- Genomic testing is becoming an increasingly common starting place for the development of personalized medicine treatments for patients with a variety of hard-to-treat diseases, especially cancer, but organizations often struggle with interpreting and analyzing a glut of raw data produced by sequencing initiatives.
At Weill-Cornell Medicine’s Institute of Precision Medicine, the process of identifying genetic influences on cancer development and treatment efficacy is getting a little easier thanks to the Precision Medicine Knowledge Base (PMKB), an interactive, online application for curating and sharing data about the clinical significance of genomic variants related to oncology care.
Using an API connected to the Cerner laboratory information system at Weill-Cornell and New York Presbyterian Hospital, the application makes it easy for personalized medicine researchers and clinicians to collaborate and contribute to the body of knowledge used for diagnosing and treating cancer patients.
“A critical component of clinical genomic testing is the generation of accurate and informative reports containing clinical-grade interpretations of genomic alterations,” explained a team of researchers from several of Weill-Cornell’s precision medicine departments in an article published in JAMIA this month.
“Such reports must not only list which variants and mutations were found in a given clinical sample, but also provide interpretations of these variants in the context of available and relevant clinical information.”
The process of generating and analyzing this data is “usually a tedious task that requires extensive literature curation,” the article says, and is hindered by the lack of exhaustive online resources that have successfully compiled information on the clinical significance of gene variants in relation to specific disease phenotypes.
“In our experience few of these databases contain clinical-grade interpretations actually applicable to clinical reporting,” the authors asserted.

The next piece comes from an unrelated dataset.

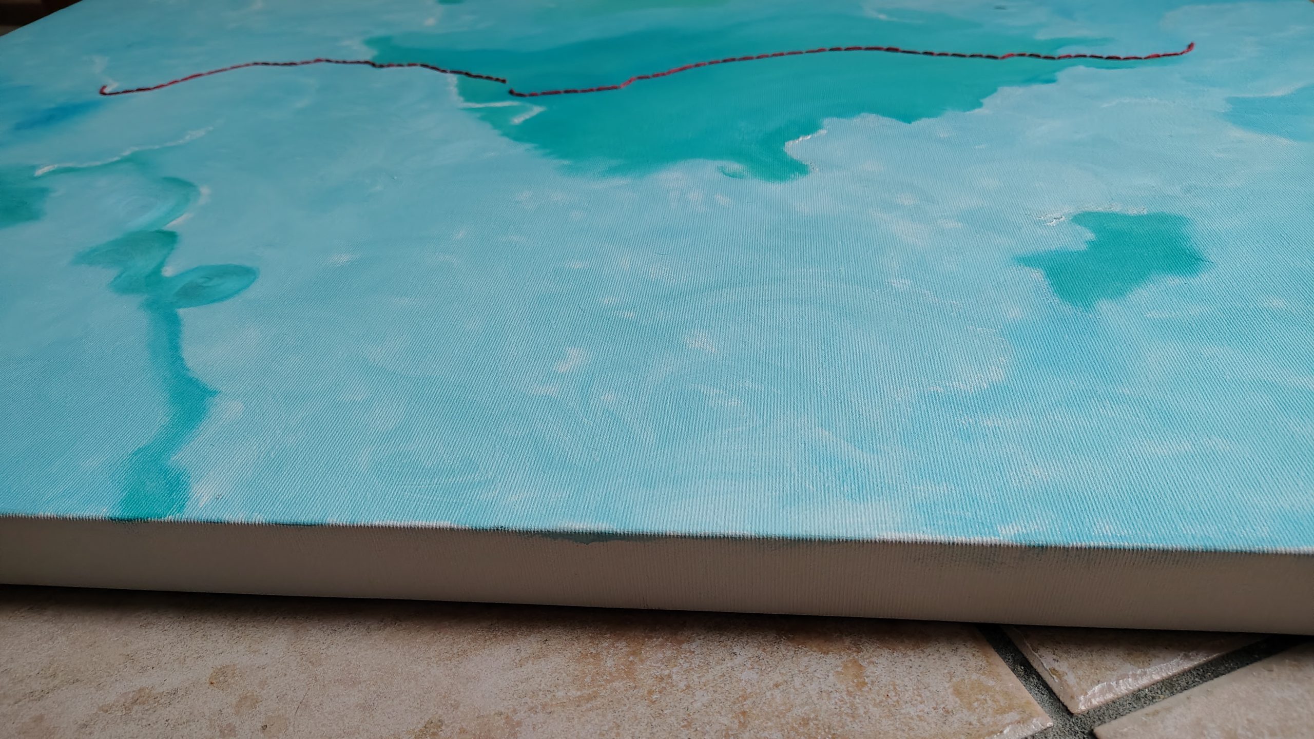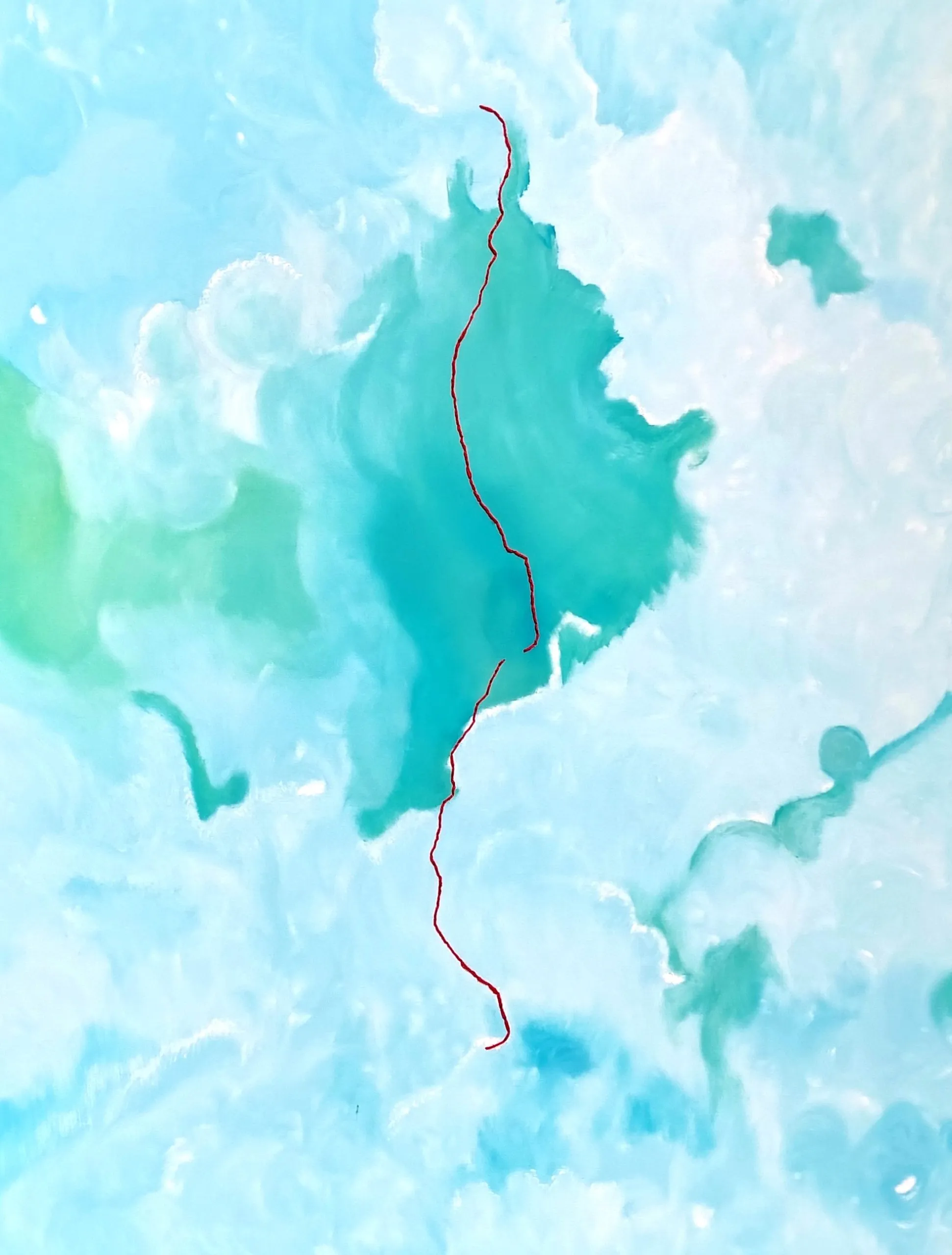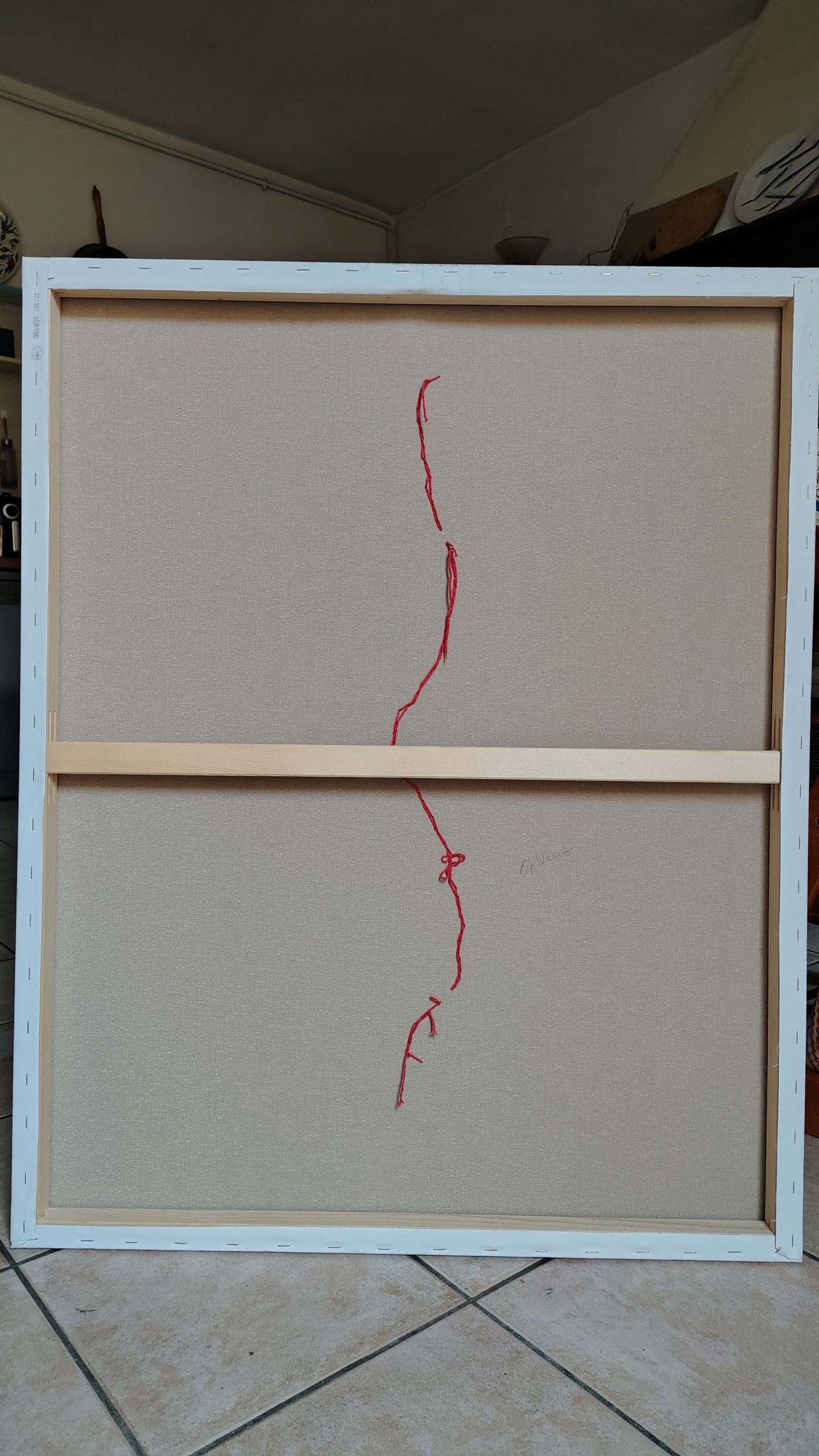 In this work, I combined oil paint with the delicate technique of embroidery to capture a moment suspended between reality and dream. The thread, thin and vibrant, runs across the canvas like a line of invisible energy, a symbol of connection and introspection. The sky is always following us in every instant of our lives. I want those who observe it to feel the stillness and the endless flow, bringing a sense of peace and depth into the space where it is displayed.

“In some instances, mutation interpretations do not meet required levels of brevity and specificity. In some databases, mutations are not interpreted in the context of specific tumor types. In others, only point mutations and indels are catalogued, while common clinically relevant mutations such as gene fusions and copy number alterations/variations are not included.”
Other initiatives suffer from an inability to stay up-to-date and accurate in a rapidly changing research environment, and still more are difficult to use for research projects because they do not have application programming interfaces (APIs) to streamline the process of integrating the data into automated workflows.
PMKB attempts to circumvent these obstacles by taking a structured, modular, standards-based approach to its design. Using the Ruby on Rails Web application framework, the development team designed the databank in conjunction with clinical pathologists to create a system that allows easy, automated access to granular genomic data.
Users can find and input data through an HTML interface that includes dropdown menus and free-text searches, and automates the editing process to ensure continuity across relevant data types.
The database has been growing steadily since its inception in December of 2015, and contained 457 variant descriptions along with 281 interpretations as of May 2016. The research team attributes this rapid expansion rate in part to the system’s ease of use, which is supported by its API architecture.
Using a tool called the AmpliSeq Results Converter, the PMKB translates raw data into human-readable spreadsheets and text reports, which can then be imported into Cerner’s laboratory information system, in use at Weill-Cornell and New York Presbyterian Hospital.
“The AmpliSeq Results Converter has greatly facilitated the laboratory’s workflow by eliminating the need to manually copy interpretations from an Excel spreadsheet into the diagnostic report,” the team said. “Use of this pipeline allows the appropriate interpretations to be pulled automatically from the PMKB into Millennium Helix, our clinical reporting system.”
The Weill-Cornell team hopes that other institutions will take a similar approach to replicating its success with using a web-based API to simplify the reporting and data generation process, and is encouraging other precision medicine organizations to explore and contribute to the project.
“Quality and quantity of interpretations are what will make PMKB attractive to potential collaborators and will set a standard for future contributions to the knowledge base. Since interpretations must be written by qualified individuals, the PMKB software tries to ease the burden of storing and organizing interpretations, allowing pathologists to focus on writing interpretive comments and signing out cases.”
“Ideally, this knowledge base will serve as an open tool amenable to crowdsourcing of content over time by experts in specific subspecialties.”